Spinal cord regulation of sympathetic activity in intact and spinal rats.

Excitatory amino acid (EAA) and cholinergic neurotransmission in the spinal cord of urethan-anesthetized rats was investigated to assess mechanisms regulating sympathetic activity after spinal cord injury. Blockade of EAA transmission by intrathecal injection of kynurenic acid decreased arterial blood pressure by 24 +/- 4 mmHg, heart rate by 15 +/- 10 beats/min, and renal sympathetic nerve activity (RSNA) by 85 +/- 4% in intact rats. In rats with cervical spinal transections, this blockade decreased RSNA by 51 +/- 5% and had no effect on arterial pressure and heart rate. Muscarinic blockade by intrathecal atropine decreased RSNA by 12 +/- 3 and 32 +/- 6% in intact and spinal rats, respectively, and caused no cardiovascular responses in either group. Combined blockade of EAA and muscarinic receptors in spinal rats decreased RSNA by 77 +/- 1%. Intrathecal injections of the EAA agonist D,L-homocysteic acid in spinal rats caused initial increases (335 +/- 28%) in RSNA lasting approximately 3 min and later sustained increases (157 +/- 19%) lasting 36 +/- 8 min.
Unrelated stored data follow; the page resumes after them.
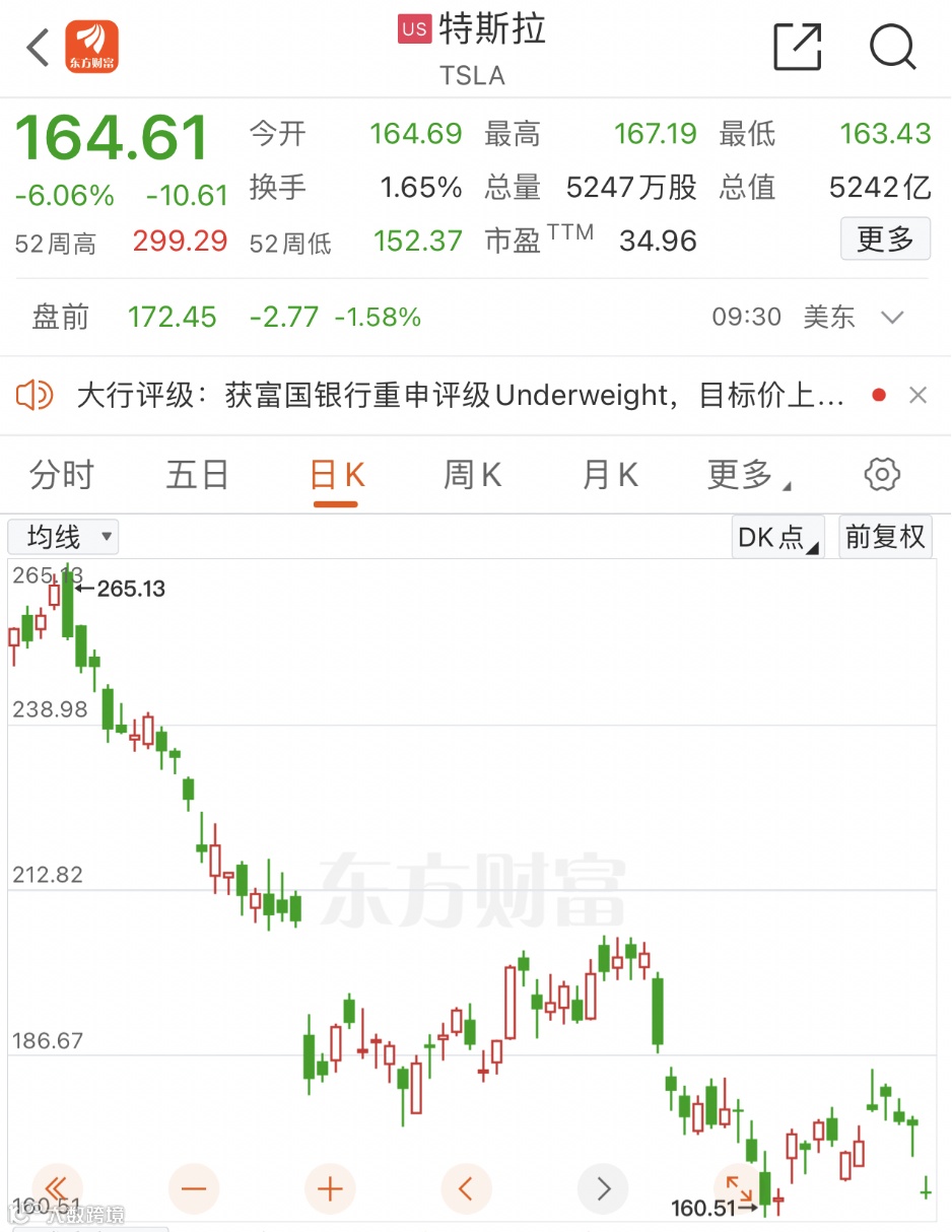 今日晚间,美股新能源汽车股多数下跌,龙头股特斯拉暴跌超6%。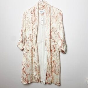 The perfect silky look & feel layering piece. Can be worn open like kimono or cinched up with the drawstring inside as a closed lightweight jacket. Fully lined.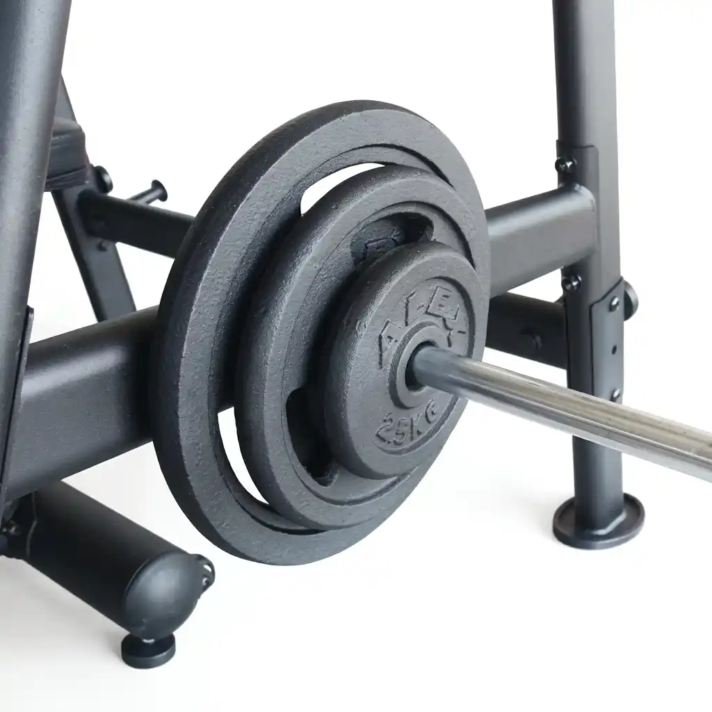 The rack features multiple holes for J-hook adjustment. This allows users of all heights to find their perfect unrack position for squats and presses. The J-hooks are designed to hold the bar securely and are often lined (check spec) or shaped to protect the bar’s knurling.

Only the early excitation increased arterial pressure by 17 +/- 3 mmHg, and then pressure returned to baseline values. The EAA agonist kainic acid increased RSNA by 402 +/- 90% in spinal rats, an effect lasting 70 +/- 5 min, and increased arterial pressure by only 8 +/- 2 mmHg for 12 +/- 5 min. These findings suggest that tonic activity of spinal neurons with EAA and cholinergic receptors maintains tonic RSNA after spinal cord transection. However, this activity does not play a major role in maintaining arterial pressure, even if it is increased substantially by EAA receptor stimulation.